**WHAT TO PRODUCE**
Retype the listing exactly as it stands, and keep every image out.

**PROVIDED MATERIAL**
┄┄┄┄┄┄┄┄┄┄┄┄┄┄┄┄┄┄┄┄
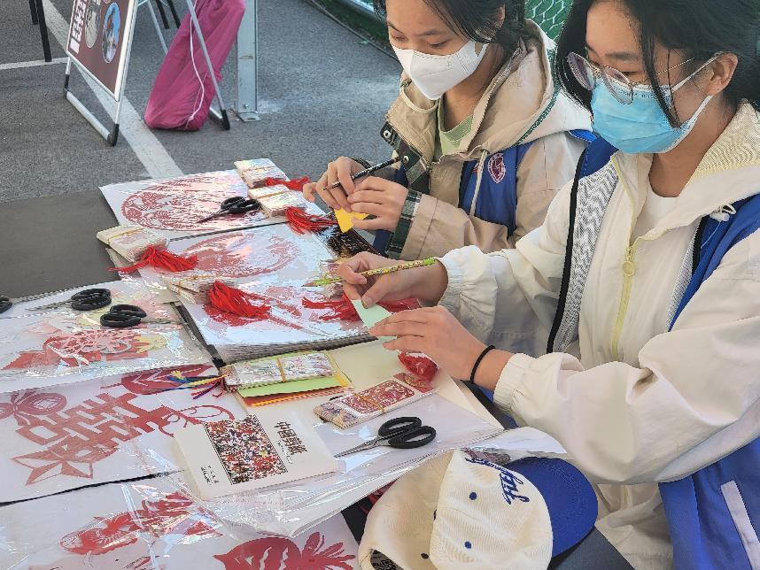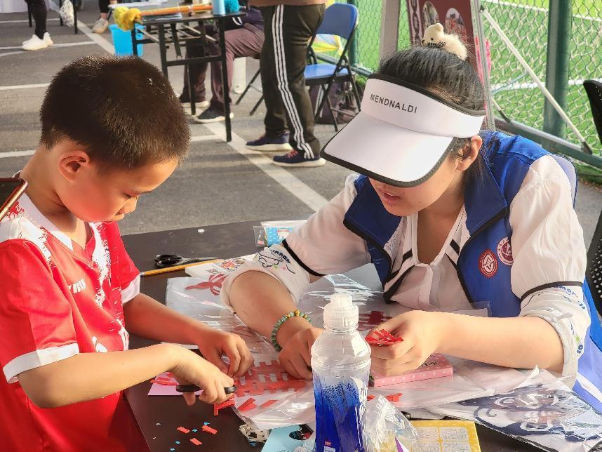 剪纸技艺作为中华传统非遗技艺,融入了人民群众对生活美好的祝愿。在石景山区德瑞凯通足球公园,志愿者们在石景山区第四代非遗剪纸文化传承人杨秀英老师的带领下,耐心细致教游客们剪纸。
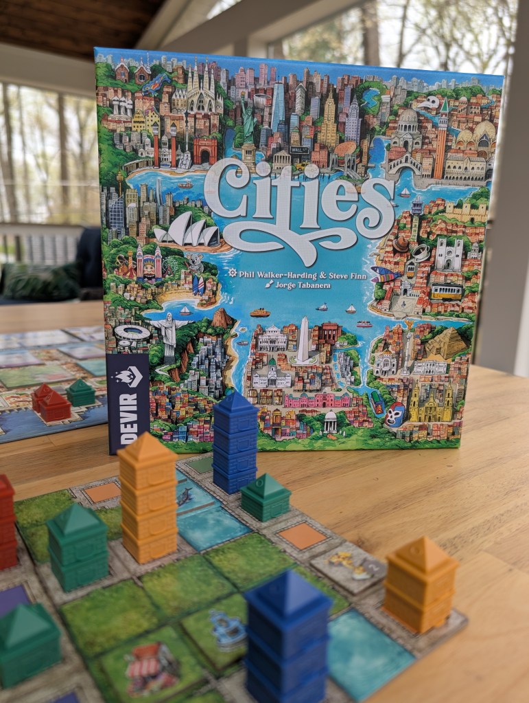 There are some games out there where I hear some really good word-of-mouth recommendations for them and I immediately seek out a copy; or I come across a well-written review that makes it sound right up my alley and I know I need to go try it out. Cities, for me, was not one of these cases. I was wandering around PAX Unplugged 2024 with a group of friends, and after a long day of walking around and trying to see everything, we really just wanted to find an open table in the demo area where we could just all sit down and play a game together without waiting. A group had just finished playing a game and stood up, so we quickly scooted into the open seats without even really knowing what we sat down for. And there in front of us was…Cities, a game none of us had ever heard about before sitting down.
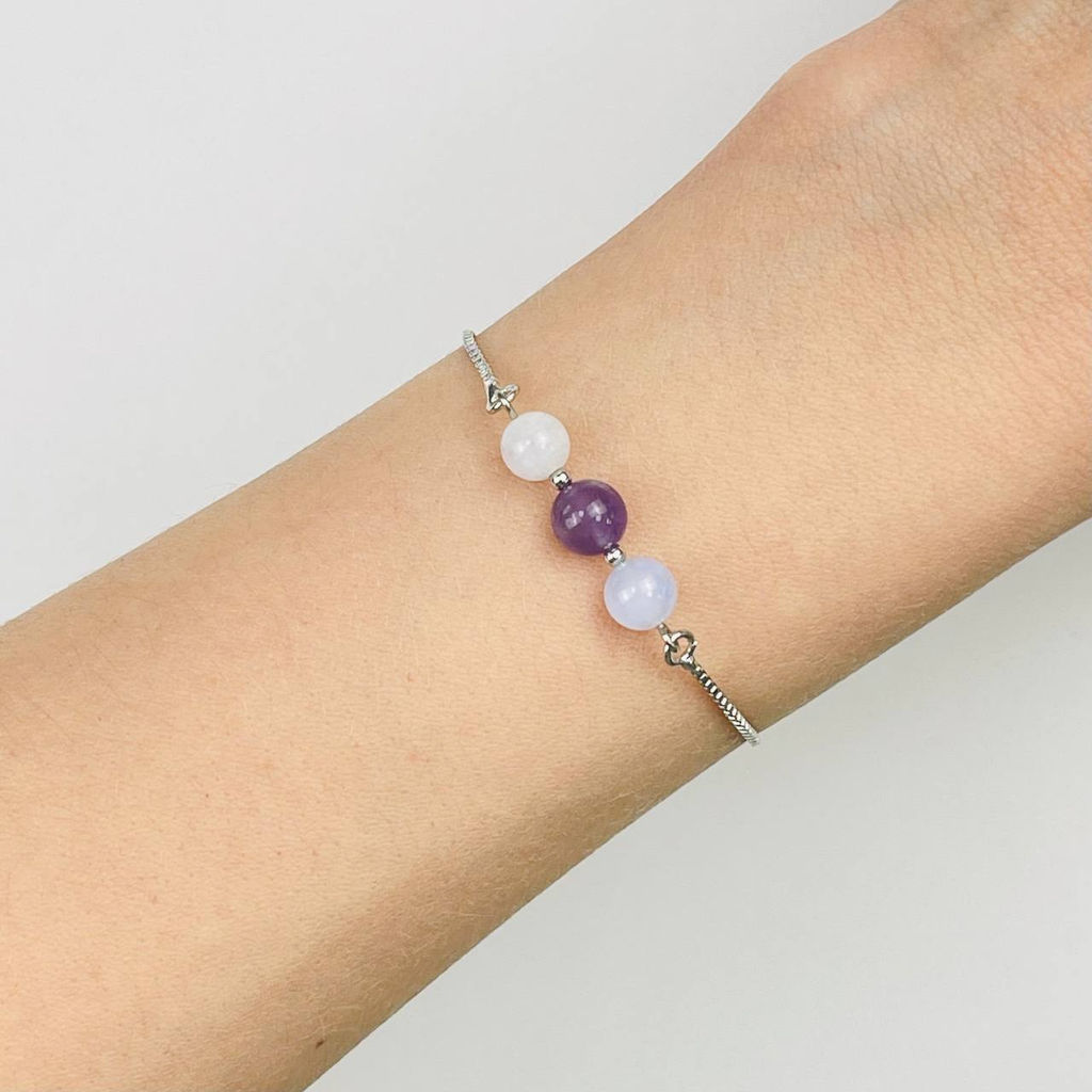 Браслет регулируемый для "Тельца" из Агата, Аметиста и Лунного камня
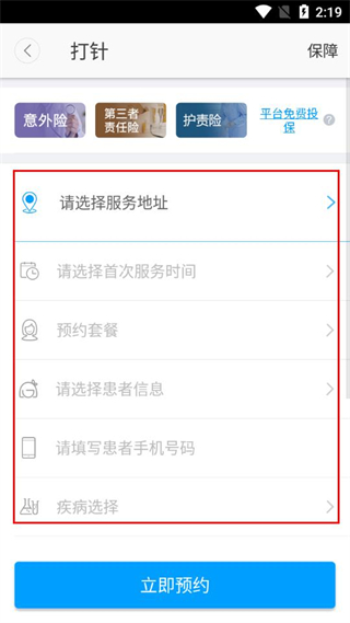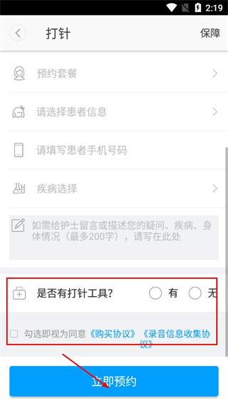 5、選擇是否有打針工具并勾選協議,點擊立即預約完成下單。
┄┄┄┄┄┄┄┄┄┄┄┄┄┄┄┄┄┄┄┄
**ANSWER TO THIS EXERCISE**
 剪纸技艺作为中华传统非遗技艺,融入了人民群众对生活美好的祝愿。在石景山区德瑞凯通足球公园,志愿者们在石景山区第四代非遗剪纸文化传承人杨秀英老师的带领下,耐心细致教游客们剪纸。
 There are some games out there where I hear some really good word-of-mouth recommendations for them and I immediately seek out a copy; or I come across a well-written review that makes it sound right up my alley and I know I need to go try it out. Cities, for me, was not one of these cases. I was wandering around PAX Unplugged 2024 with a group of friends, and after a long day of walking around and trying to see everything, we really just wanted to find an open table in the demo area where we could just all sit down and play a game together without waiting. A group had just finished playing a game and stood up, so we quickly scooted into the open seats without even really knowing what we sat down for. And there in front of us was…Cities, a game none of us had ever heard about before sitting down.
 Браслет регулируемый для "Тельца" из Агата, Аметиста и Лунного камня
 5、選擇是否有打針工具并勾選協議,點擊立即預約完成下單。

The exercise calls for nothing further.